Vitamin C may be beneficial if you have anemia caused by a deficiency of vitamin B12 or
folic acid as well; it aids the body in absorbing these nutrients. Vitamin B12 and folic
acid should always be taken in tandem, and under a doctor’s supervision, because a high
intake of one can mask a deficiency of the other. Together they work to boost production of red blood cells. Once anemia is corrected and a problem with absorption has been ruled out as a cause, the amount of B12 and folic acid in your daily multivitamin may be sufficient to prevent a recurrence.

What Else You Can Do
Eat foods rich in iron (dried beans, liver, red meat, dried fruits, nuts, shellfish); in
folic acid (citrus fruits, asparagus, spinach, mushrooms, liver, soybeans, wheat germ); and
in vitamin B12 (liver, shellfish, lamb, beef, cheese, fish, eggs).
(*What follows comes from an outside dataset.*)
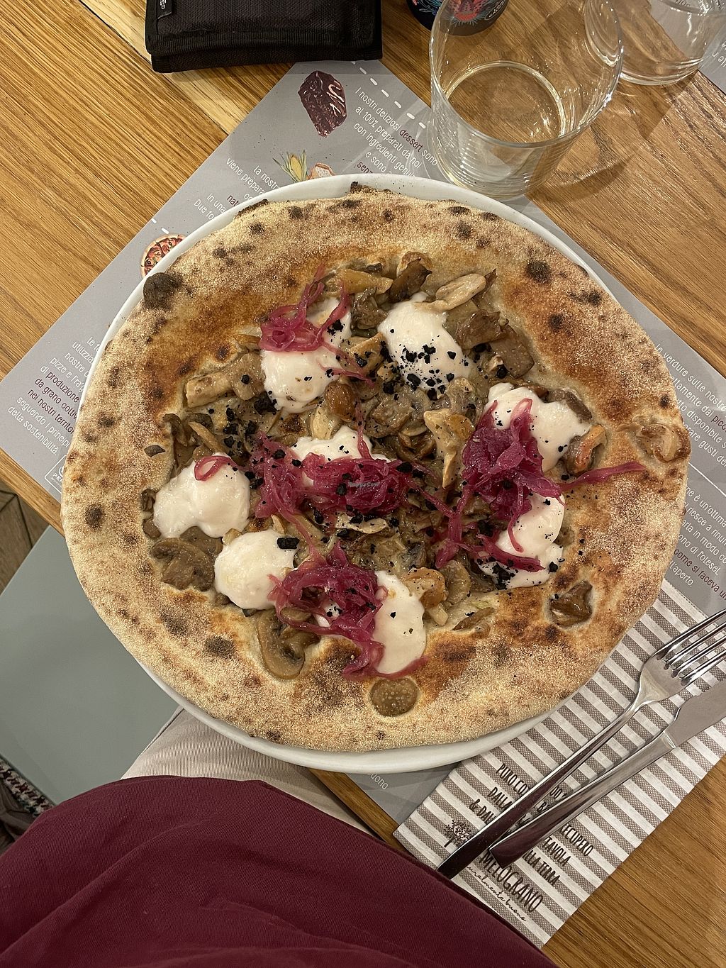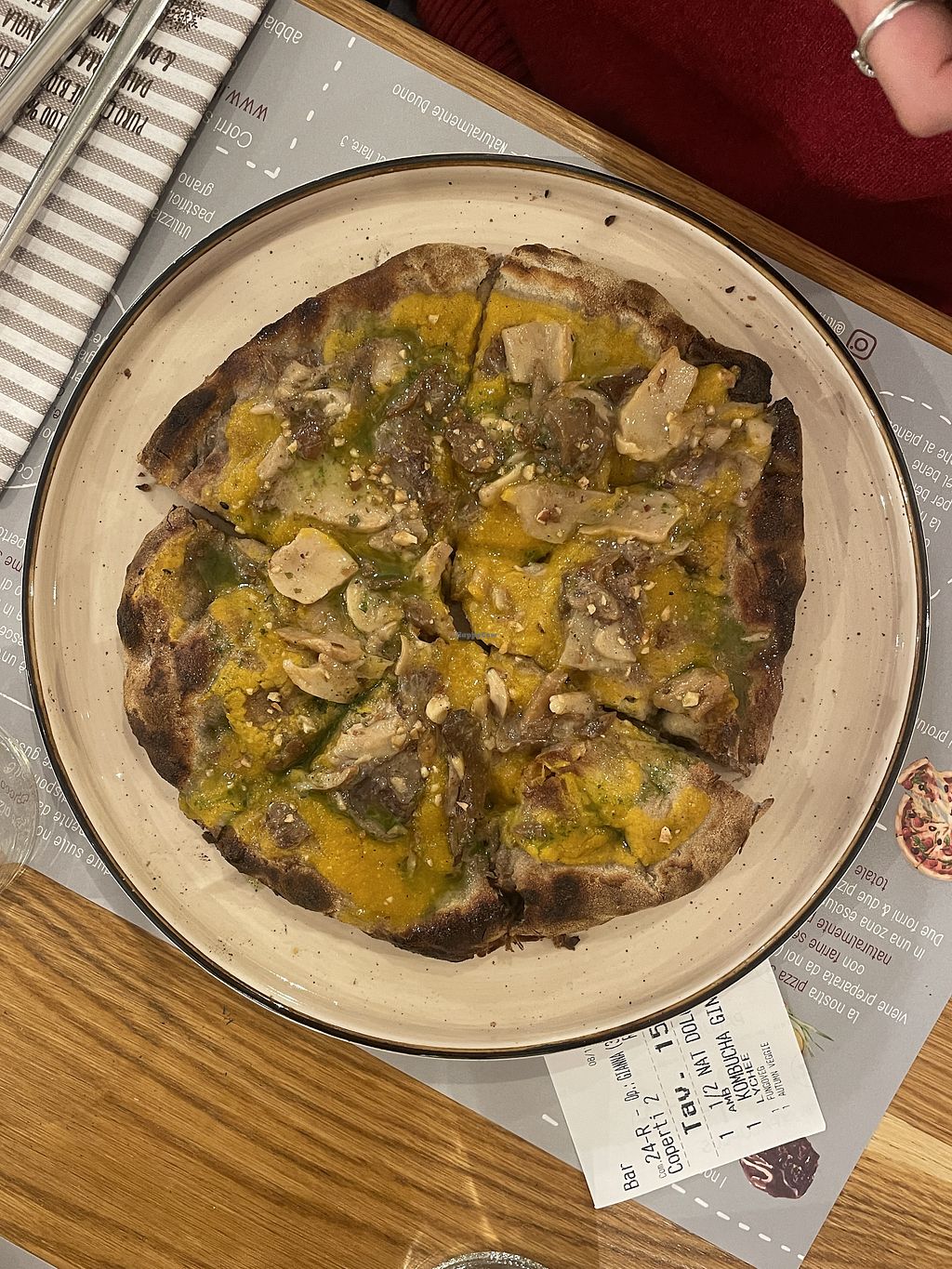 Autumn veggie pizza (mushrooms, caramelized onions, olive powder)

Supplement Recommendations

Iron
Vitamin C
Vitamin B12/Folic Acid
Yellow Dock
Dandelion

Iron
Dosage: 30 mg 3 times a day with meals.
Comments: Your doctor may prescribe a higher dosage.

Vitamin C
Dosage: 500 mg 3 times a day.
Comments: Take with meals to enhance iron absorption from foods.

Vitamin B12/Folic Acid
Dosage: 1,000 mcg B12 and 400 mcg folic acid in sublingual form twice a day for 1 month.
Comments: Always take B12 and folic acid together. If still anemic after oral B12
supplements, you may need B12 injections.

Yellow Dock
Dosage: 1,000 mg each morning.
Comments: Or take 1/2 tsp. tincture twice a day.

Dandelion
Dosage: 1 tsp. fresh juice or tincture with water twice a day.
Comments: Take with yellow dock to enhance iron absorption.